## YOUR INSTRUCTIONS
Print exactly the lines below between the line containing "Scented Candle Green" and the line containing "Pero je vyrobeno", counting both of those lines. Leave pictures out.

## DATASET RECORDS
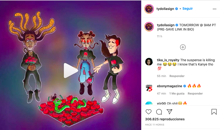 El anuncio fue burlado en los últimos días en las páginas de medios sociales de Ty Dolla $ign, presentando interpretaciones animadas de los artistas invitados que se desvanecen en cada post. Puedes pre-guardar la próxima canción desde este enlace.
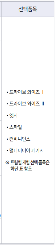 마지막으로 시그니처 기준 드라이브와이즈Ⅰ, Ⅱ는 기본 품목에 속하며 엣지는 70만원, 스타일 50만원, 컨비니언스도 기본품목, 멀티미디어 패키지 120만원, 하이패스 자동결제 시스템 기본 품목, 선루프 40만원입니다.
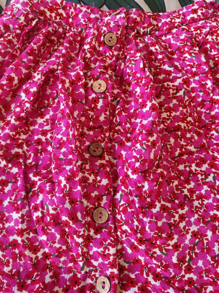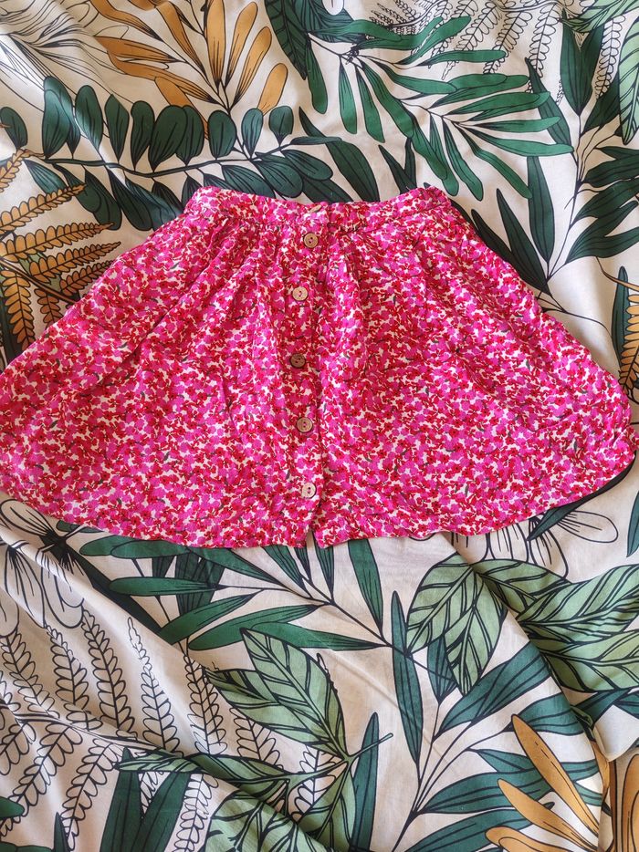 Jupe rose motif fleuri réglable à la taille très bon état taille 8 ans
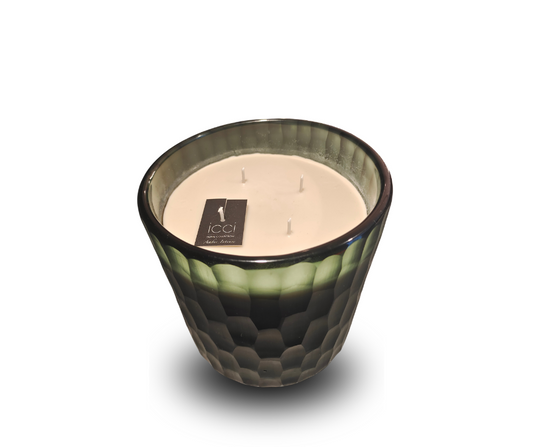 Scented Candle Green Glass Vase with Croco Design - Country of Origin: Belgium
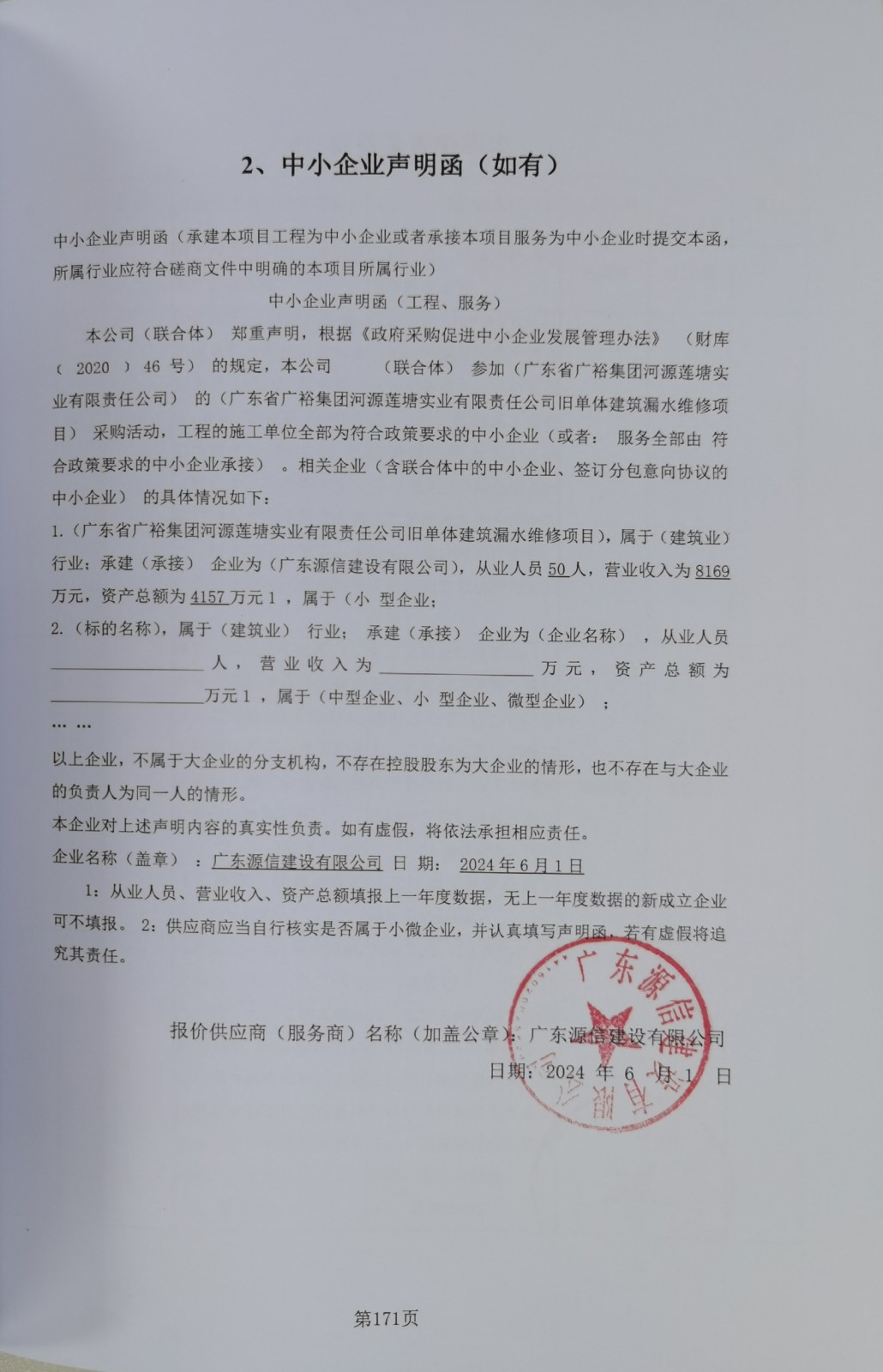 广东省广裕集团河源莲 塘实业有限责任公司旧 单体建筑漏水维修项目 | 符合磋商 文件要求 | 120个日历日 | 刘金源 | 粤2442022202221695 |
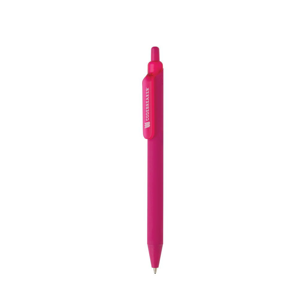 Pero je vyrobeno z 91 % z recyklovaného ABS a kombinuje odolnost se stylem. Je vybaveno hladkým pogumovaným silikonovým úchopem pro větší pohodlí. Matný povlak na klipu a hrotu dodává elegantní vzhled, zatímco modrý inkoust vydrží až 1200 metrů. Pero se ovládá pomocí klikacího mechanismu.
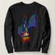 Um pequeno dragão azul com asas roxas, verdes e azuis se curva ao redor de uma guitarra de sol vermelha, laranja e amarela, sua cauda e pescoço envolto gentilmente na base e no pescoço do violão. Uma mistura mágica de música e fantasia perfeita para amantes de música e fãs de fantasia.
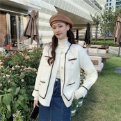 アウター レディース コート ノーカラージャケット ショート丈 長袖 無地 秋 冬 スリム タイト 細身 ふわふわ きれいめ シンプル 大人 上品 おしゃれ お洒落 大人女子 こなれ感 ラウンドネック 襟なし ショート 白 ホワイト 黒 ブラック フリーサイズ 10代 20代 30代 ママ OL 通勤 学生 通学 デート お出かけ 女子会 お泊まり イベント 旅行 クリスマス バレンタイン 普段使い お揃い 双子 韓国 韓国系 オルチャン ファッション コーデ スタイル あったか 暖かい モテ

## SOLUTION TO THE EXERCISE
 Scented Candle Green Glass Vase with Croco Design - Country of Origin: Belgium
 广东省广裕集团河源莲 塘实业有限责任公司旧 单体建筑漏水维修项目 | 符合磋商 文件要求 | 120个日历日 | 刘金源 | 粤2442022202221695 |
 Pero je vyrobeno z 91 % z recyklovaného ABS a kombinuje odolnost se stylem. Je vybaveno hladkým pogumovaným silikonovým úchopem pro větší pohodlí. Matný povlak na klipu a hrotu dodává elegantní vzhled, zatímco modrý inkoust vydrží až 1200 metrů. Pero se ovládá pomocí klikacího mechanismu.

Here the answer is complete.